AI Toolbox
A curated collection of 611 free cutting edge AI papers with code and tools for text, image, video, 3D and audio generation and manipulation.
SpatialTracker can track 2D pixels in 3D space, even when objects are blocked or rotated. It uses depth estimators and a triplane representation to achieve top performance in difficult situations.
MuDI can generate high-quality images of multiple subjects without mixing their identities. It has a 2x higher success rate for personalizing images and is preferred by over 70% of users in evaluations.

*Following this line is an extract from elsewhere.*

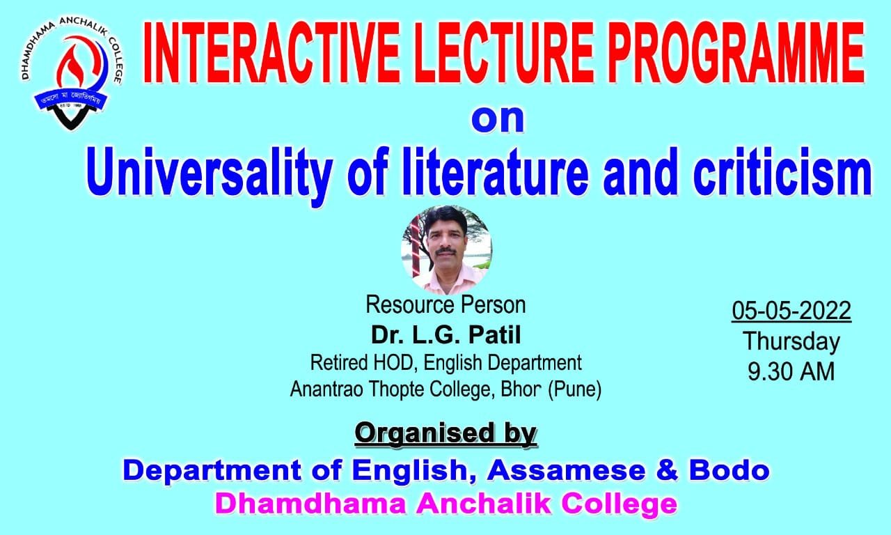 An Interactive Lecture Programme On Universality of Literature and Criticism will be held on 5th May,2022

NeRF2Physics can predict the physical properties (mass, friction, hardness, thermal conductivity and Young’s modulus) of objects from a collection of images. This makes it possible to simulate the physical behavior of digital twins in a 3D scene.

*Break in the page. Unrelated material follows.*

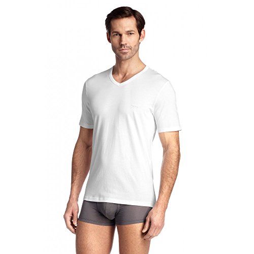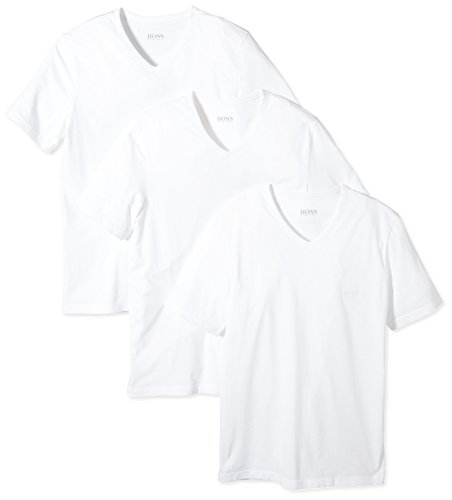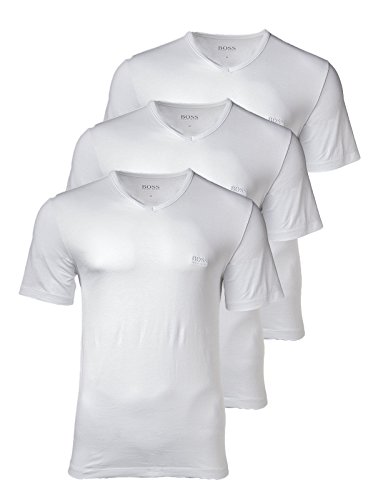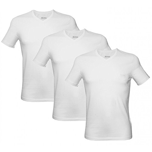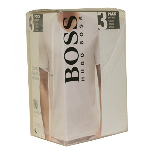 Product DescriptionHugo Boss V-neck T-Shirt. Great Value 3 Pack. Available in White or Black. Signature Hugo Boss logo on chest. Available in sizes S - 2XL. 100% Cotton.0

InstructHumans can edit existing 3D human textures using text prompts. It maintains avatar consistency pretty well and enables easy animation.
LCM-Lookahead is another attempted LoRA killer with an LCM-based approach for identity transfer in text-to-image generations.

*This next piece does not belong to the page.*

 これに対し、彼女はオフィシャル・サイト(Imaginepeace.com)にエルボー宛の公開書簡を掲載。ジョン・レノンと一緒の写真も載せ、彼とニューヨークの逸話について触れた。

InstantStyle can separate style and content from images in text-to-image generation without tuning. It improves visual style by using features from reference images while keeping text control and preventing style leaks.
CameraCtrl can control camera angles and movements in text-to-video generation. It improves video storytelling by adding a camera module to existing video diffusion models, making it easier to create dynamic scenes from text and camera inputs.
EDTalk can create talking face videos with control over mouth shapes, head poses, and emotions. It uses an Efficient Disentanglement framework to enhance realism by manipulating facial movements through three separate areas.
CosmicMan can generate high-quality, photo-realistic human images that match text descriptions closely. It uses a unique method called Annotate Anyone and a training framework called Decomposed-Attention-Refocusing (Daring) to improve the connection between text and images.
Following spatial instructions in text-to-image prompts is hard! SPRIGHT-T2I can finally do it though, resulting in more coherent and accurate compositions.
ProbTalk is a method for generating lifelike holistic co-speech motions for 3D avatars. The method is able to generate a wide range of motions and ensures a harmonious alignment among facial expressions, hand gestures, and body poses.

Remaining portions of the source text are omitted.